2.BÖLÜM

7 0 0
                                    

   Cuma okul çıkışında hava yavaş yavaş bulanırken, her zaman  eve kendi giden Aslı, yine montunu giymek üzereyken babası stresli bir şekilde gelir. "Hemen buradan gitmeliyiz acele et, kardeşini ve anneni almamız gerek". Aylin hemen acele şekilde hazırlanır ve babasının arabasına biner fakat yüzünde büyük bir soru işareti vardır. Hemen annesini ve kardeşini alırlar. Annesinin ve Mete'nin de yüz ifadesi aynıdır. İbrahim Bey arabayı ormanlık bir alanın ortasına doğru sürer. En sonunda Selda Hanım:

- İbrahim bu ormanlık alanda ne işimiz var ve ayrıca neden bu kadar acele şekilde gidiyoruz.
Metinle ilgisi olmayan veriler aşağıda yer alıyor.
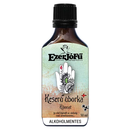 Az EzerJóFű Keserű uborka+ kivonat 50ml alkoholmentes, növényi glicerinnel készült étrend-kiegészítő, amely a keserű uborka jótékony hatásait más értékes növényi összetevőkkel kombinálja. Segít a méregtelenítésben, támogathatja a bélflórát és javíthatja az emésztést. A készítmény elősegíti a normál anyagcserét, támogatja a vízháztartást és hozzájárul a bélműködés egészségéhez. Kiváló választás a természetes méregtelenítéshez és a jól működő emésztéshez.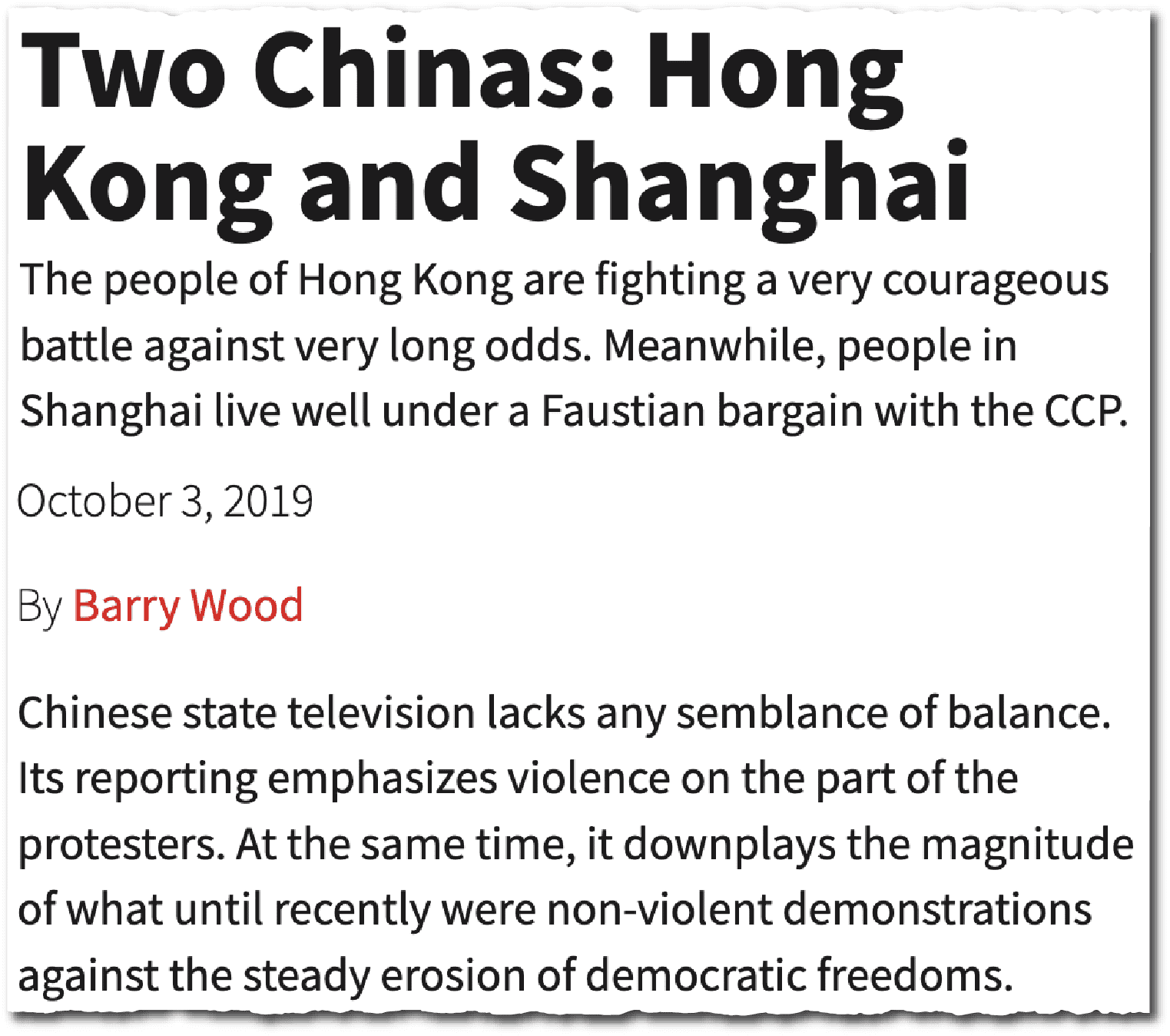 Barry D. Wood is a journalist, author and educator based in Washington, D.C. He was the international economics correspondent for RTHK radio in Hong Kong and also writes the American Dispatch column.

İbrahim Bey gökyüzünü göstererek "Yağmur başlamadan gitmeliyiz". Hava her zaman ki yağmur öncesi gökyüzü tipinden biraz daha bulanıktır.Biraz daha ilerledikten sonra  arabayı durdurur ve inerler. Yerde demir,toprağa bağlı bir kapı ve kapının arkasında sığınak vardır. Babası elinde ki kumanda ile kapıyı açar. Mete, hemen sığınağı gezer. Aylin ve annesi çok şaşırır. Babası onları içeri alır. Selda Hanım artık burada ne olduğunu sorar. İbrahim Bey üzülerek:

- Dünya ile ilgili çok özel fakat yanlış giderse çok tehlikeli bir çalışma yaptık. Eğer doğru gitseydik nesli tükenmekte olan canlıları kurtarabilecek bir çalışmaydı. Üzgünüm ama yanlış giderse bütün canlıları yok edebilecek bir çalışmaydı ve biz başarısız olduk. Yağan yağmurlara bile karıştı. Ben de sizi korumak için buraya getirdim.
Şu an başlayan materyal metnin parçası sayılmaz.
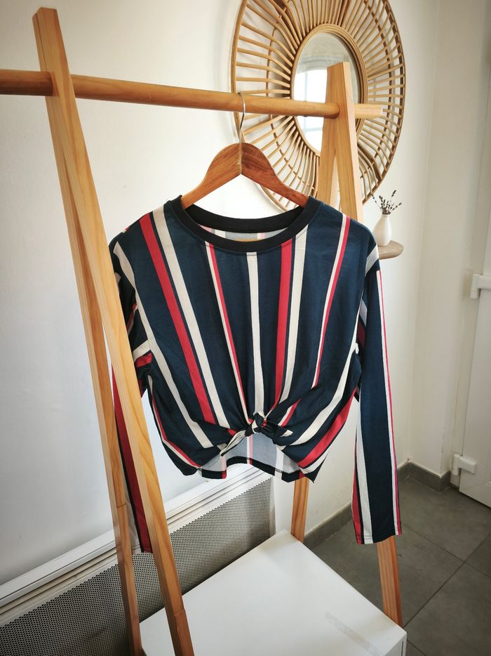 Lot comprenant 3 hauts aux coloris marine, blanc et rouge: -un top imprimé épaules dénudées -un top a manches longues rayé à nouer -une chemise rayée

Söylediklerine çok şaşıran ve üzülen Aylin ve Selda Hanım ve kendilerini boşlukta hissederler. Aylin:

- Peki şimdi ne yapacağız, sonsuza kadar burada mı kalacağız ve arkadaşlarım ne olacak? Babası:

- Umarım sonsuza kadar burada kalmadan arkadaşlarımla çözümü buluruz, arkadaşlarının da ailesi gereğini yapacaklarından emin olabilirsin. Sonra da odaları tanıtır:

- Evet,burası depo burada yaklaşık 10 yıl yetecek kadar yemek,su,giyecek,hava ve duş suyunuz vardır. Selda:

- Peki biz bunları yaparken sen gidecek misin?

- Evet gitmek zorundayım bu çözümü bulmalıyım. Mete'ye ve kendinize de iyi bakın.Sonra Mete'yi yanına çağırır ve kafasını okşayıp sarılır.Mete:

- Baba nereye gidiyorsun? İbrahim Bey:

- Çok yakında döneceğim, sakın ben gelmeden dışarı çıkmayın. Sonra da gider.